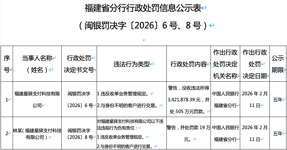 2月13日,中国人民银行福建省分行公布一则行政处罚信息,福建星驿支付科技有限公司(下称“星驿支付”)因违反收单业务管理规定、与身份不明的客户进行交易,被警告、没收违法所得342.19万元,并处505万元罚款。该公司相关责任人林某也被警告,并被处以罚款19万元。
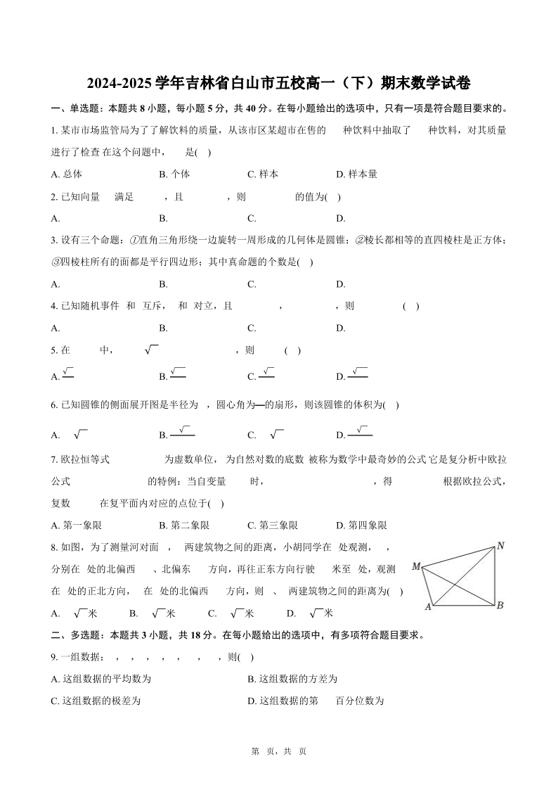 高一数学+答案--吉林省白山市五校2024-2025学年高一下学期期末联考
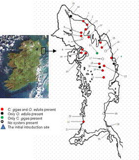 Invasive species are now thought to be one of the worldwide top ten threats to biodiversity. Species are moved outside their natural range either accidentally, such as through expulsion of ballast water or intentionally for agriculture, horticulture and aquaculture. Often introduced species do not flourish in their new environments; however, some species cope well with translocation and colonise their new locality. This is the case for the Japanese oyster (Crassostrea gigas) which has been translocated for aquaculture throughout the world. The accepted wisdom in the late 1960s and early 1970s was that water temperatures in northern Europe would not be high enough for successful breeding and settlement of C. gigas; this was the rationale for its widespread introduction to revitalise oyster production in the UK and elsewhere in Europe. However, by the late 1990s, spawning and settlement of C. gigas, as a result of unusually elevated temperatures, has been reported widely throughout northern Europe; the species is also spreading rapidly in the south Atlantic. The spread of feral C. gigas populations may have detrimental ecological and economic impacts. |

☆ ☆ ☆ ☆ ☆

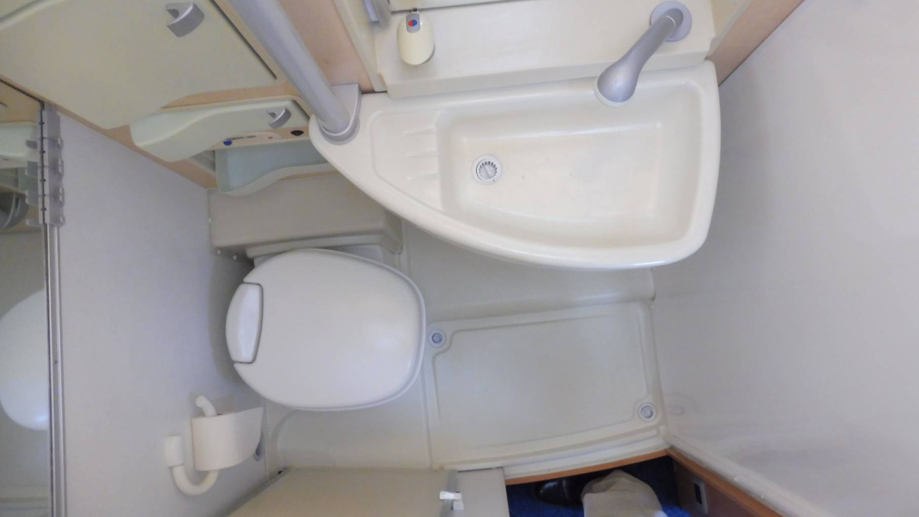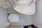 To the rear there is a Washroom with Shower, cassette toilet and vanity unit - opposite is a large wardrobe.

☆ ☆ ☆ ☆ ☆

- How to complete this task
Take the material above and output only the lines from the one that contains "2月13日,中国人民银行福建" through the one that contains "高一数学+答案--吉林省白山市五校2024-2025学年高一下学期期末联考", ends included and images left out.

- Output of the task
 2月13日,中国人民银行福建省分行公布一则行政处罚信息,福建星驿支付科技有限公司(下称“星驿支付”)因违反收单业务管理规定、与身份不明的客户进行交易,被警告、没收违法所得342.19万元,并处505万元罚款。该公司相关责任人林某也被警告,并被处以罚款19万元。
 高一数学+答案--吉林省白山市五校2024-2025学年高一下学期期末联考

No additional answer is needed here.